**Directions for this task:**
Drop every picture, then transcribe the remaining data exactly.

**Supplied information:**

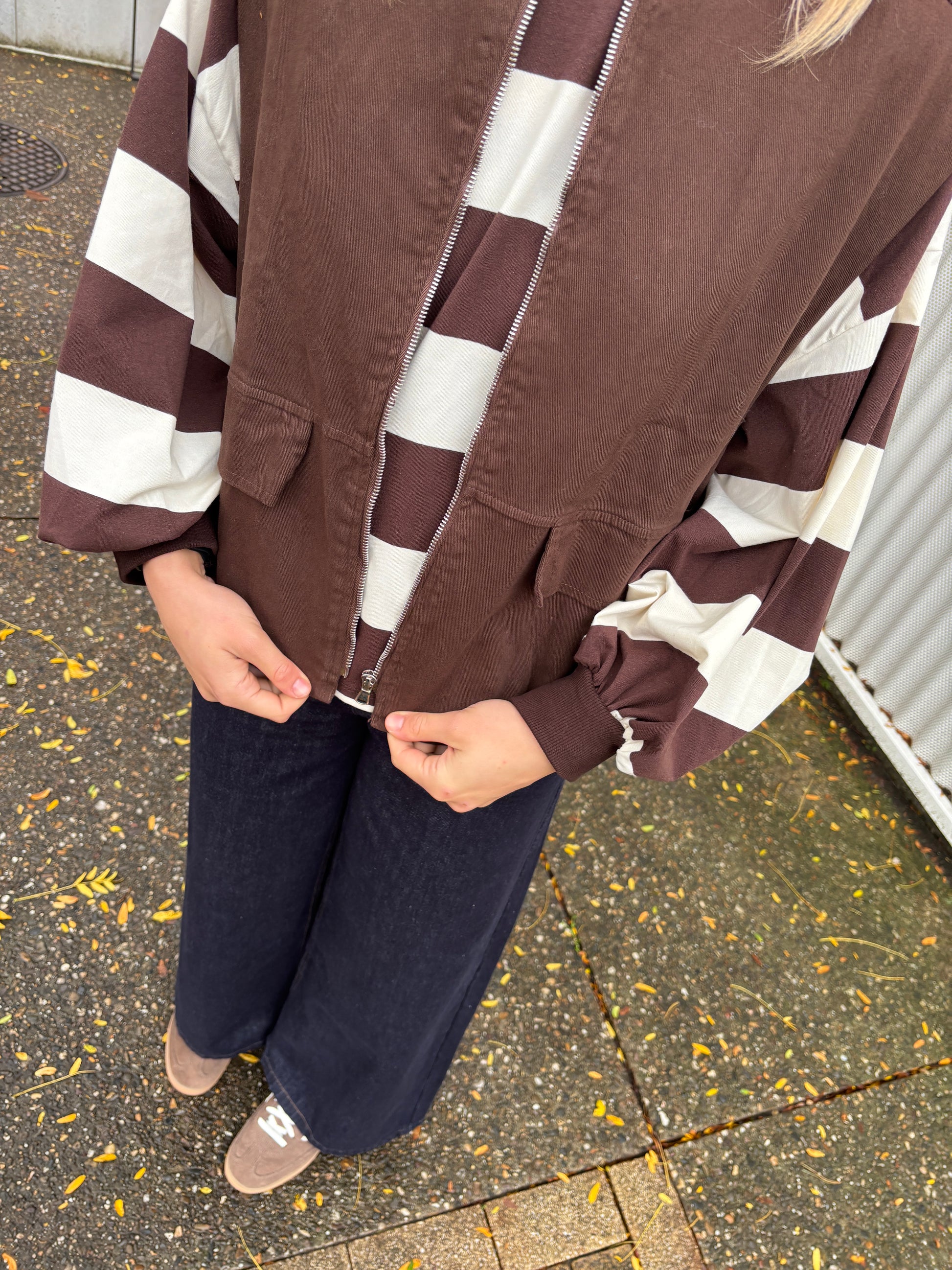 Het jasje heeft een rits en twee neppe zakken.
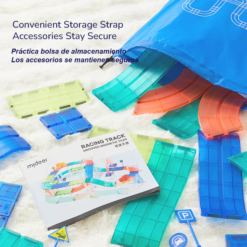 Los Bloques Magnéticos con Coches – Pista de Carreras Mideer MD6395 (115 piezas) ofrecen una experiencia completa que une construcción magnética y emoción sobre ruedas. Ideal para niños creativos y activos que disfrutan diseñando sus propios circuitos y probando sus vehículos en estructuras únicas.
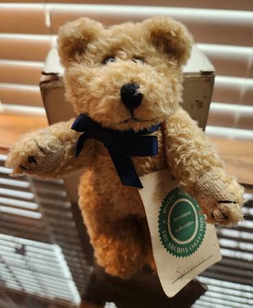 Spencer is fully jointed and hand embroidered and has the look and feel of an antique bear. Each bear is handmade and as such no one looks exactly alike. Features: Tan bear with blue bow and stitched claws. Suitable for ages: 3 and up. Kept as collectible. Never played with. Tag attached.

**Solution below:**
 Het jasje heeft een rits en twee neppe zakken.
 Los Bloques Magnéticos con Coches – Pista de Carreras Mideer MD6395 (115 piezas) ofrecen una experiencia completa que une construcción magnética y emoción sobre ruedas. Ideal para niños creativos y activos que disfrutan diseñando sus propios circuitos y probando sus vehículos en estructuras únicas.
 Spencer is fully jointed and hand embroidered and has the look and feel of an antique bear. Each bear is handmade and as such no one looks exactly alike. Features: Tan bear with blue bow and stitched claws. Suitable for ages: 3 and up. Kept as collectible. Never played with. Tag attached.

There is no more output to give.